There was bitter disappointment for his fellow American, the ski star Mikaela Shiffrin, one of the biggest names at the Games, who went home without a medal.

There were tears from the teenager Valieva after it emerged that she had failed a drugs test prior to the Games, catapulting her to the forefront of yet another Russian doping controversy to mar an Olympics.

In what will go down as a notorious episode in the history of the Winter Olympics, the pre-tournament favourite for women's singles gold fell several times on the ice in the finals, to audible gasps from the socially distanced crowd of hand-picked spectators.

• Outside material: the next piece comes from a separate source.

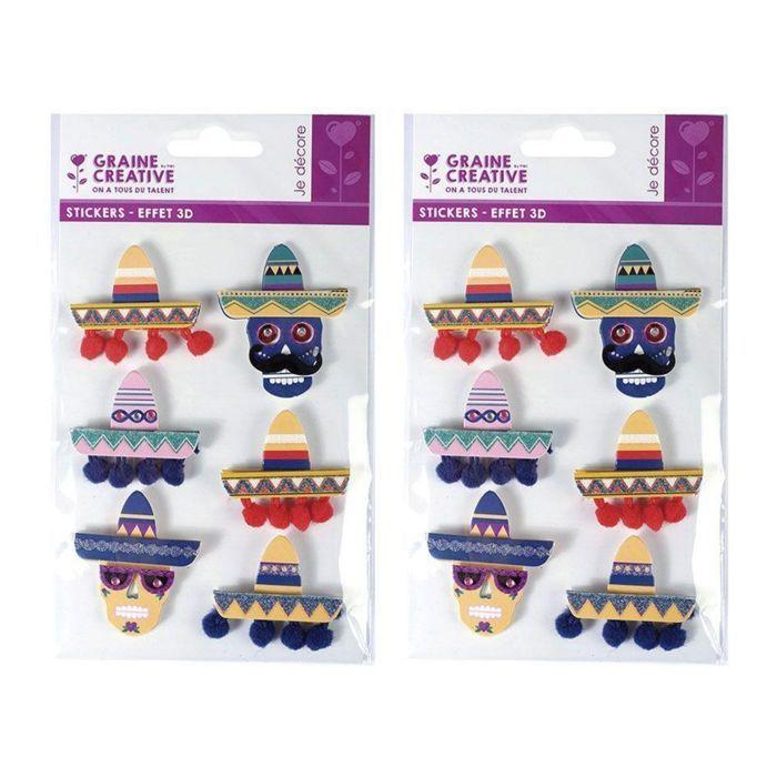 Stickers 3D - GRAINE CREATIVE - Chapeaux mexicains - 5,5 cm - Multicolore - Mixte
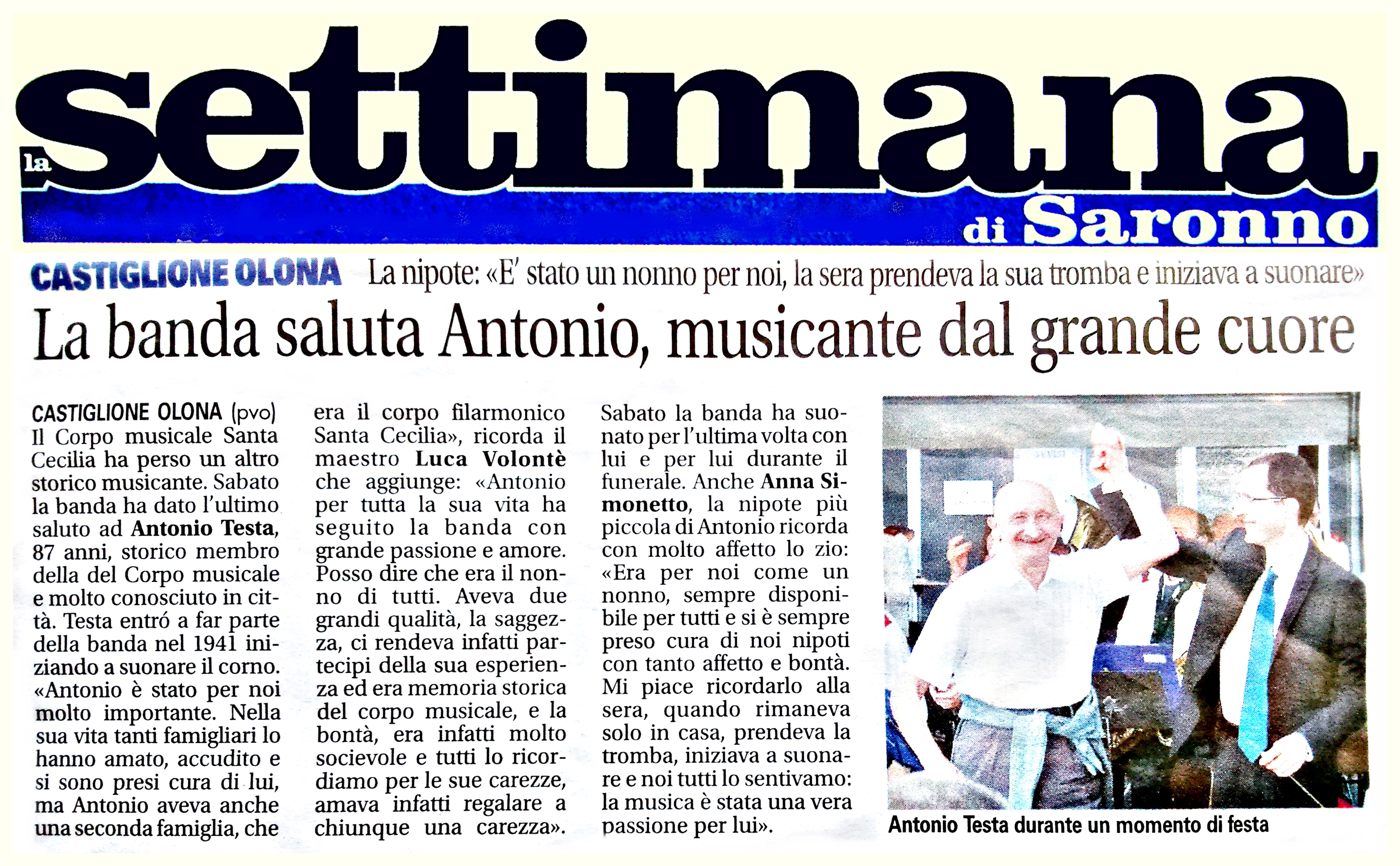« La banda saluta Antonio, musicante dal grande cuore »

Her doping case looks certain to drag on in the coming months, long after the Games have ended. She was allowed to skate but has not been cleared of doping.

In a Games first, the skating team medals were not awarded after Valieva played a starring role in propelling the Russians to gold, ahead of the United States and Japan.

The American skaters made an 11th-hour court bid on Saturday to get their hands on their medals before they went home, but the Court of Arbitration for Sport rejected them.

- Shiffrin's 'favourite memory' -

China and its ruling Communist Party will look back on a job well done -- fears about a mass Covid outbreak in the "closed loop" bubble sealing the nearly 3,000 athletes and about 65,000 others never materialised.

Some athletes did though catch the illness and saw their Olympic hopes obliterated, among them American figure skater Vincent Zhou.

"I've already lost count of the number of times I've cried today," the 21-year-old said in an emotional video from isolation.

The United States led a diplomatic boycott of its closest allies over China's rights record, especially the fate of the Muslim Uyghur minority in Xinjiang. Their athletes did however compete.

China had warned in the fraught build-up that foreign athletes criticising the authorities could face consequences, but in the end, any protests against the hosts were extremely muted.

There were milestones -- among them American bobsleigher Elana Meyers Taylor becoming the most decorated Black athlete in the history of the Winter Olympics.

Snowboarder Zoi Sadowski Synnott made history for New Zealand, winning her country's first Winter Games gold; with Gu winning two golds, the hosts enjoyed a significant medal bump and finished third in the medals table with nine golds.

That was easily their best performance in the Winter Games, a place ahead of chief geopolitical rival the United States, on eight golds.

For the second Games in a row, Norway topped the medals table, with 16 golds. Germany were second on 12.

Earlier Sunday, on the last day of action, Shiffrin said her United States team-mates got her through the Games even as she went home without a medal around her neck.

The mixed team parallel was her last opportunity to salvage something from the wreckage of these Olympics, after she inexplicably misfired in the individual events, skiing out of three races and finishing out of the medals in two others.

Her US team were beaten to bronze by Norway, but Shiffrin said: "I am not disappointed.

"I have had a lot of disappointing moments at these Games, today is not one of them. Today is my favourite memory."

The closing ceremony starts at 8:00pm (1200 GMT) with Beijing handing over to 2026 hosts Milano Cortina.